For keys generated outside SignServer (for example, in the AWS console or via the AWS CLI), the CKA_ID attribute must be set on both the public and private key objects before SignServer can use them. See Crypto Tokens: HSMs & Keystores | Key Aliases, Certificates, and PKCS#11 Objects for an explanation of why CKA_ID matters.

To set CKA_ID using the cloudhsm-cli tool from AWS:

  1. Install and configure cloudhsm-cli following the AWS instructions.

  2. Determine the id attribute to use. SignServer expects the public and private keys id to be a hex encoding of the UTF-8 encoded key name. For example, the key name sample-key encodes to 0x73616d706c652d6b6579. You can generate this with the od utility:

     echo "sample-key" -n | od -t x1 -A n | tr -d ' '
    

    Or with Python:

    python -c "print('sample-key'.encode('utf8').hex())"
    
  3. Start cloudhsm-cli:

    cloud-hsm interactive
    
  4. Log in as a crypto user:

    aws-cloudhsm > login --username USERNAME --role crypto-user.
    
  5. List keys to find the key-reference values for the key pair you want to update:

    key list
    
  6. Set the id attribute in the private key:

    key set-attribute --key-reference 0x0000000000000001 --name id --value 0x73616d706c652d6b6579
    
  7. Set the same id attribute on the public key:

    key set-attribute --key-reference 0x0000000000000002 --name id --value 0x73616d706c652d6b6579
    

Key Creation Date for PGP Signing

Since AWS CloudHSM cannot store PKCS#11 certificate objects, PGP signing and CSR generation cannot rely on certificate metadata from the HSM to determine the key creation date.

To solve this issue, configure the OpenPGP Signer with a fixed key creation date using the following property:

KEY_START_DATE.keyalias=YYYYMMDD

The configured date is used as the key creation date.

GCP KMS

  • The Google Cloud HSM does not support key generation, key wrapping, or import of certificate chains via SignServer.

  • Keys generated in the GCP console must use the algorithm type *_RAW_PKCS1 to work with any hash algorithm in SignServer. Alternatively, ensure the hash algorithm of the key matches the signature algorithm configured in the SignServer Worker. A mismatch produces an error similar to:

    ExceptionConverter: java.security.SignatureException: org.pkcs11.jacknji11.CKRException: 0x00000020: DATA_INVALID
    

Thales TCT

When generating an RSA key pair using the Thales TCT HSM, the ATTRIBUTE.PUBLIC.RSA.CKA_VERIFY attribute must be explicitly set to true (it is not enabled by default). Failure to do so will cause key generation to fail.


FIPS Mode

Some HSM vendors enforce stricter key constraints when operating in FIPS mode. For example, with Utimaco SecurityServer V4.10.0 and PSS padding, the following configuration is required:

  • When generating the key pair:

    XML
    ATTRIBUTE.PRIVATE.RSA.CKA_ALLOWED_MECHANISMS=CKM_RSA_PKCS_PSS, CKM_SHA256_RSA_PKCS_PSS
    SELFSIGNED_SIGNATUREALGORITHM=SHA256withRSAandMGF1
    
  • For test signing to work after activation:

    XML
    SIGNATUREALGORITHM=SHA256withRSAandMGF1
    

For keys using PKCS#1 v1.5 padding, CKA_ALLOWED_MECHANISMS should contain only mechanisms such as CKM_RSA_PKCS and CKM_SHA256_RSA_PKCS, and the signature algorithm properties should use SHA256withRSA.


Known Limitations

  • Multiple CA certificates with the same subject DN cannot be stored in the same token slot.
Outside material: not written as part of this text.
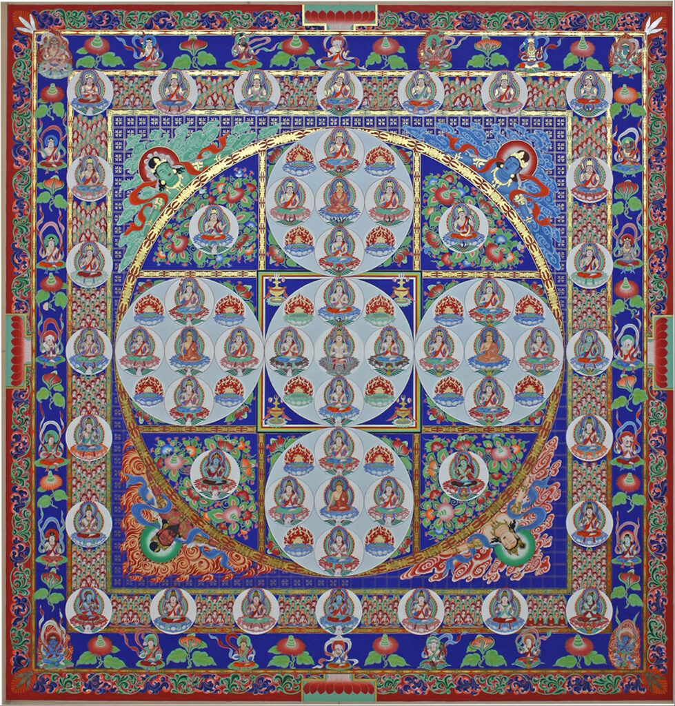 曼荼羅(マンダラ)とは、古代インドの言葉で「聖なる空間」を意味し、わかりやすく言うと「仏さまの集会図(しゅうえず)」である。曼荼羅には様々な種類があるが、その代表的なものとして、胎蔵界・金剛界の両界曼荼羅があり、仏さまの姿を通じて、宇宙の姿と法則をあまねく表現している。

  • PKCS#11 sessions are reused and never explicitly closed by this Crypto Token under normal conditions. Objects created as session objects (CKA_TOKEN=false) are therefore not removed until the application server is shut down. In deployments that generate and delete many short-lived keys, this can eventually cause a CKR_DEVICE_MEMORY error as session objects accumulate. To avoid this, upgrade to SignServer 5.8.2 or later and set CKA_TOKEN=true for key objects so that they are correctly removed when a key is deleted. See the ATTRIBUTE.x.y.z property above.